Ong Poh Lim (; 18 November 1923 – 17 April 2003) was a Malayan/Singaporean badminton player who had won numerous national and international titles from the late 1940s to the early 1960s. Known for his quickness and his aggressive, unorthodox playing style, Ong won many singles and doubles titles, including the Singapore, Malayan, All-England, French, Danish and Thomas Cup championships in the 1940s and 1950s. He also invented the backhand flick serve known as the “crocodile serve”, a tactic that had been routinely used in the modern game. Ong was a keen rival to badminton legend Wong Peng Soon.

Early life 
Ong was born on 18 November 1923, in Kuching, Sarawak. He was the son of Mr Ong and Mrs Ong Kheng Hong. 

Ong, then a student of St. Thomas's School, Kuching, took a serious interest in badminton only after the visit of two Singapore badminton champions Leow Kim Fatt and Yap Chin Tee to Kuching in 1937. In June 1947, he went to Singapore to work as well as looking for opportunity to improve his attacking game.
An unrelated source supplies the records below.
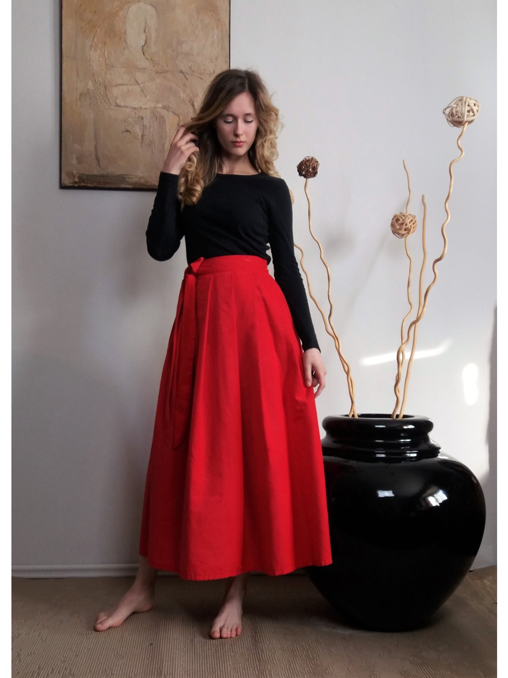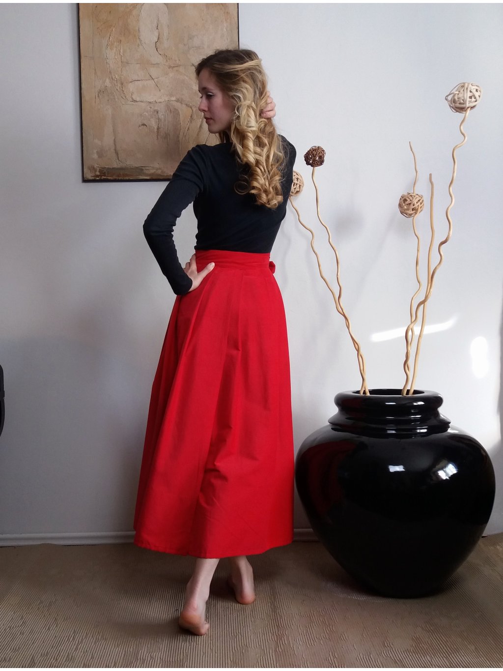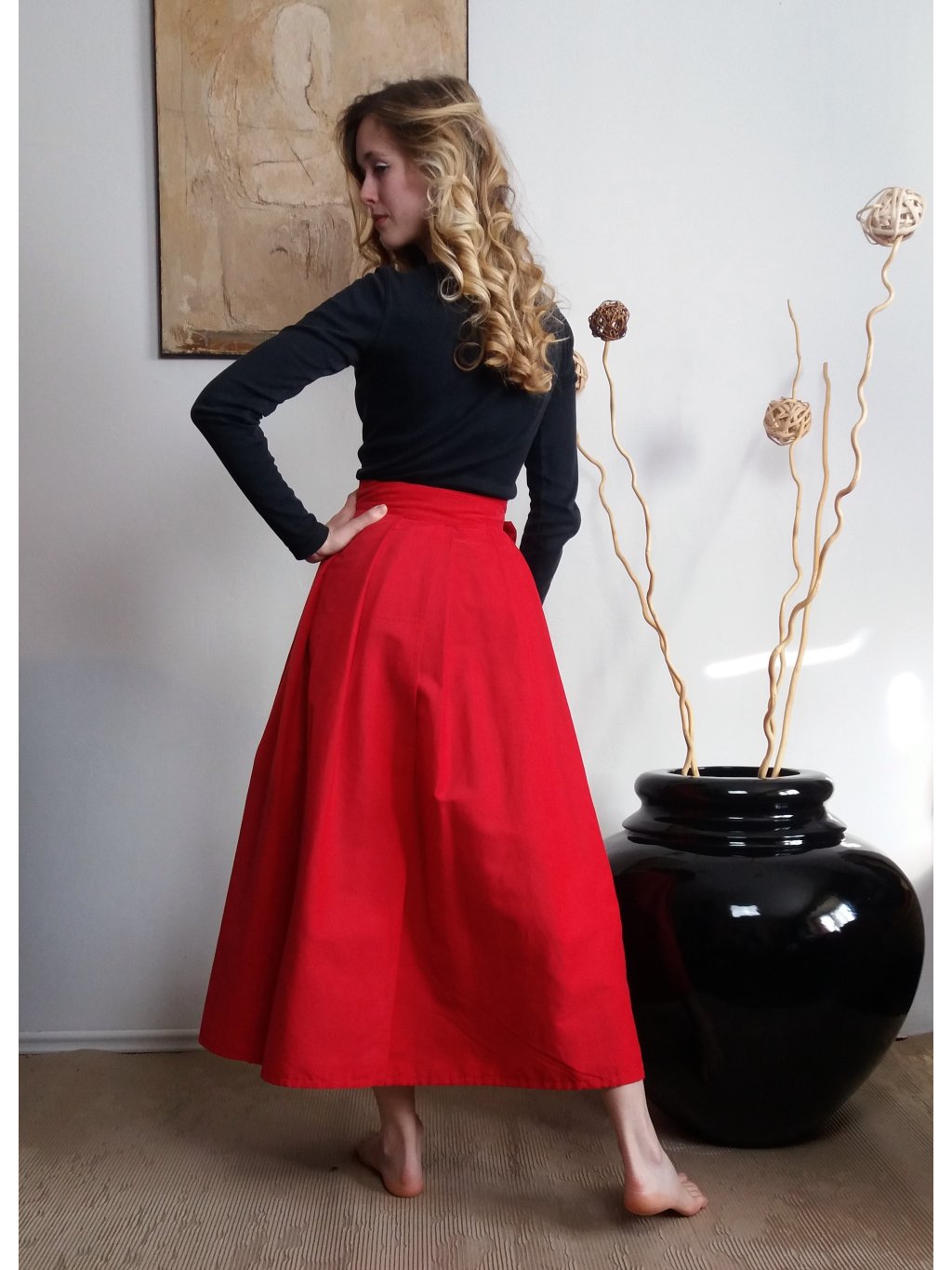 Objevte kouzlo ženskosti v naší červené manšestrové dlouhé sukni, která je navržena pro pohodlí a styl v chladnějších dnech.
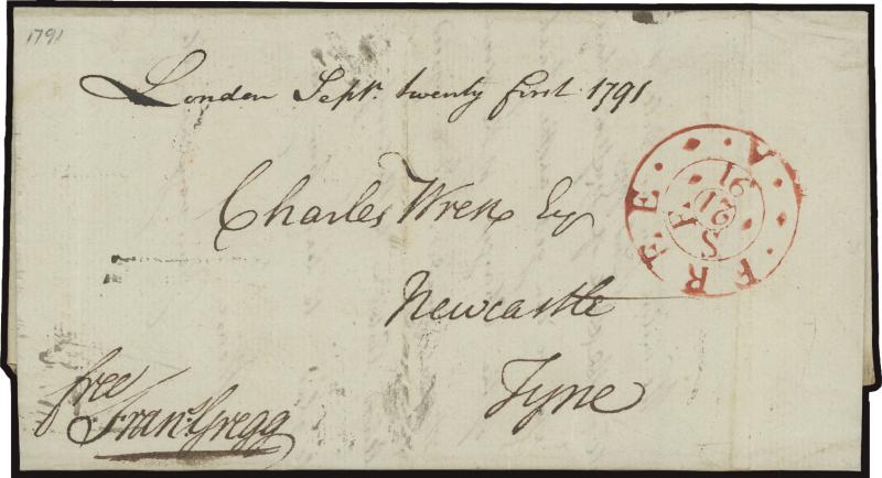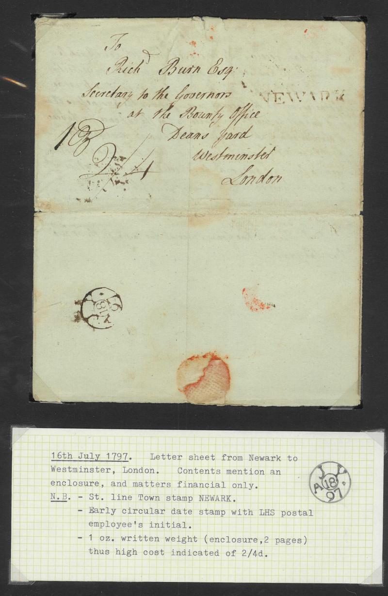 Dockwra handstamp, 1775 with London General Office 'PENNY/POST/PAID/G/SA' Dockwra & very fine Temple Office 'o'CLOCK/5/T' backstamp, Single-Line Handstamps including 1792 'BRANDON', 1797 'BIRMINGHAM' & 1797 'NEWARK' (rated "2/4"[d]), Double-Line
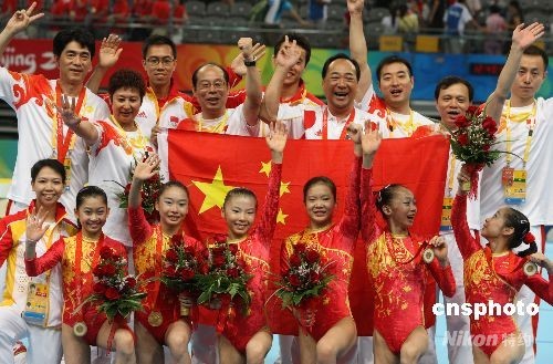 8月13日,北京奧運會女子體操團體決賽在北京奧林匹克公園內的國家體育館舉行,由程菲、何可欣、江鈺源、李珊珊、楊伊琳、鄧琳琳組成的中國體操女隊創造歷史,以總成績188.900分摘取桂冠,奪得中國體操歷史上第一枚奧運會女子團體金牌。圖為掛上金牌的小姑娘們與中國體操管理中心主任高健及全體教練合影。中新社發 任晨鳴 攝

He was greatly assisted by Yap Chin Tee, a former high level player in Singapore.

Badminton career 
Ong excelled in badminton during his school days and held the Sarawak singles and doubles titles from 1938 to 1941. He moved to Singapore after World War II, where he played for Marigold Badminton Party, a well-established rival to Mayflower Badminton Party, which produced Wong Peng Soon and a number of other prominent badminton players of that era.

Ong won the Singapore Open men's singles title four times from 1952 to 1955 and the men's doubles title nine times with seven in consecutive years from 1950 to 1956 with Ismail Marjan. He also created history by capturing the Singapore Open singles, doubles and mixed doubles titles over three consecutive years, from 1952 to 1954.

Ong held the Malaysia Open men's singles title two times in 1954 and 1956, the men's doubles title four times in 1950, 1953, 1956 with Ismail Marjan and in 1955 with Ooi Teik Hock.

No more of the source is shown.